▸ **Exercise data**:

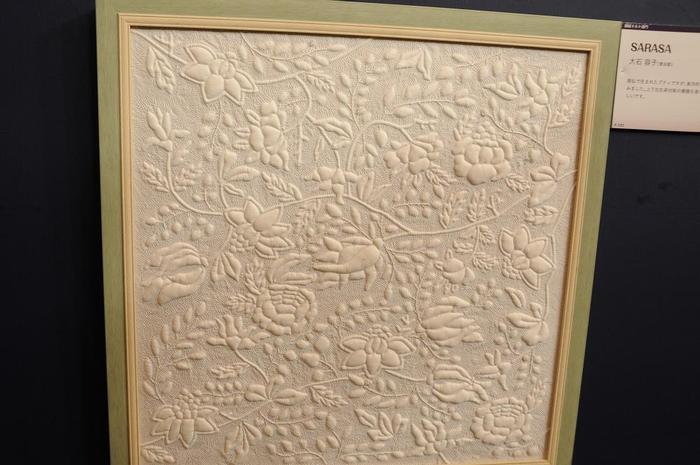 額絵となると、大きさは50センチ四方の作品になるので、ダイナミックさは感じられないが、絵画を見るような感覚でパッチワークを目にする事が出来る。
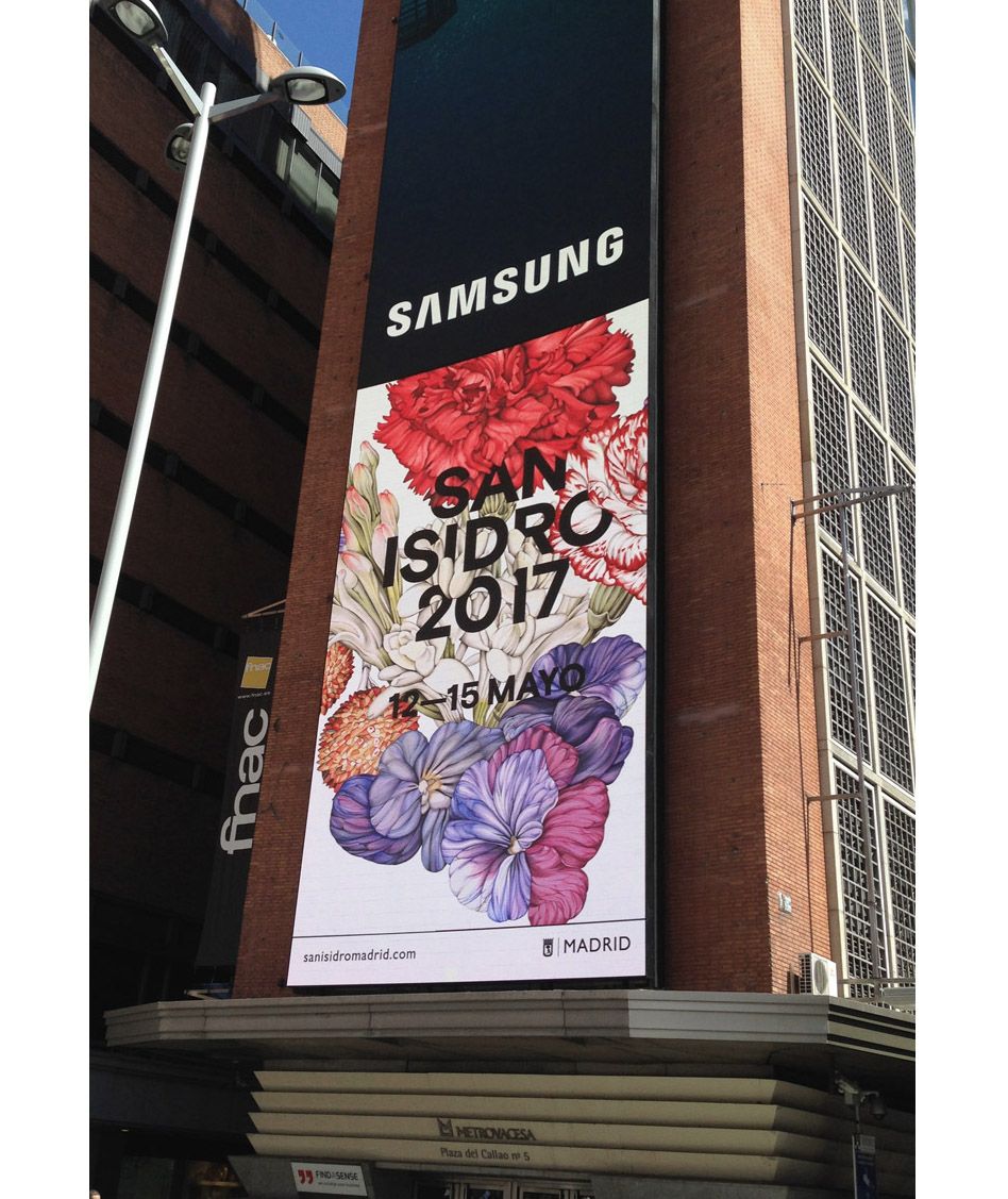 La idea era transmitir el ambiente de verbena y primavera con las flores típicas de las letras de los chotis madrileños, como los nardos, los claveles, las violetas... y por supuesto el madroño, símbolo de la capital.
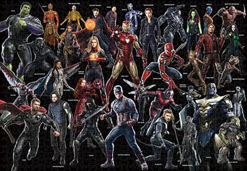 | 特徴 | 2008年公開「アイアンマン」から始まったマーベル・シネマティック・ユニバースの主要なキャラクター35体が大集結した豪華なアートです。「ローニン」や「ブラックオーダー」などあまり商品化のないキャラクターまでラインアップしたとても希少なジグソーパズルです。 |

▸ **Your task**:
Apart from the pictures, all of the data must be duplicated exactly as shown above.

▸ **Solution below**:
 額絵となると、大きさは50センチ四方の作品になるので、ダイナミックさは感じられないが、絵画を見るような感覚でパッチワークを目にする事が出来る。
 La idea era transmitir el ambiente de verbena y primavera con las flores típicas de las letras de los chotis madrileños, como los nardos, los claveles, las violetas... y por supuesto el madroño, símbolo de la capital.
 | 特徴 | 2008年公開「アイアンマン」から始まったマーベル・シネマティック・ユニバースの主要なキャラクター35体が大集結した豪華なアートです。「ローニン」や「ブラックオーダー」などあまり商品化のないキャラクターまでラインアップしたとても希少なジグソーパズルです。 |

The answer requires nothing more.